Examples would be to:
exclude H4, H5, H6 data where sourceid = 4944 and exclude H8, H9-H12
where destination = 481981 and ...
... this can go on for many many filters as we are
constantly removing data to get close to our final model.
I think I saw in a solution that I could build a list of the filters I would want and then create a function to test against, but I haven't found a good example to work from.
My initial thought was to create a copy of the df and just remove the data we didn't want and if we need it back - we could just copy it back in from the origin df, but that seems like the wrong road.
By using masks, you don't have to remove data from the dataframe. E.g.:
mask1 = df.sourceid == 4944
var1 = df[mask1]['H4','H5','H6'].sum()
Or directly do:
var1 = df[df.sourceid == 4944]['H4','H5','H6'].sum()

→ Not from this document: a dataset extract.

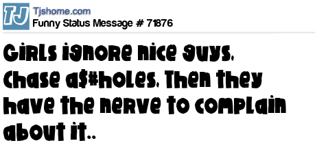 - # 106364 Hey, I'm a girl. I ignore nice guys, chase douchebags, and then complain about it
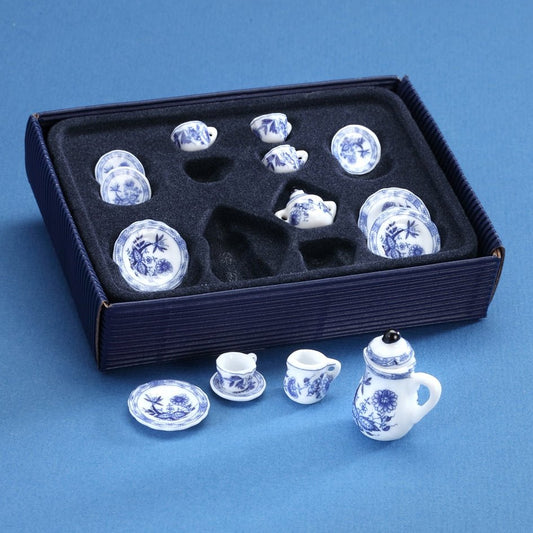 Kaffeeset "Zwiebelmuster" - 15-teilig - Porzellan - weiß / blau

In case of multiple filters, you can combine the Boolean masks with Boolean operators:
totmask = mask1 & mask2
you can use DataFrame.ix[] to set the data to zeros.
Create a dummy DataFrame first:
N = 10000
df = pd.DataFrame(np.random.rand(N, 12), columns=["h%d" % i for i in range(1, 13)], index=["row%d" % i for i in range(1, N+1)])

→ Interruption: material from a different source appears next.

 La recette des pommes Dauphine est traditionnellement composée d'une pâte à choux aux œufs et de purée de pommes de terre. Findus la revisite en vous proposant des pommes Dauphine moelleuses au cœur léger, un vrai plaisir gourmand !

df["sourceid"] = np.random.randint(0, 50, N)
df["destid"] = np.random.randint(0, 50, N)
Then for each of your filter you can call:
df.ix[df.sourceid == 10, "h4":"h6"] = 0
since you have 600k rows, create a mask array by df.sourceid == 10 maybe slow. You can create Series objects that map value to the index of the DataFrame:
sourceid = pd.Series(df.index.values, index=df["sourceid"].values).sort_index()
destid = pd.Series(df.index.values, index=df["destid"].values).sort_index()
and then exclude h4,h5,h6 where sourceid == 10 by:
df.ix[sourceid[10], "h4":"h6"] = 0
to find row ids where sourceid == 10 and destid == 20:
np.intersect1d(sourceid[10].values, destid[20].values, assume_unique=True)
to find row ids where 10 <= sourceid <= 12 and 3 <= destid <= 5:
np.intersect1d(sourceid.ix[10:12].values, destid.ix[3:5].values, assume_unique=True)
sourceid and destid are Series with duplicated index values, when the index values are in order, Pandas use searchsorted to find index. it's O(log N), faster then create mask arrays which is O(N).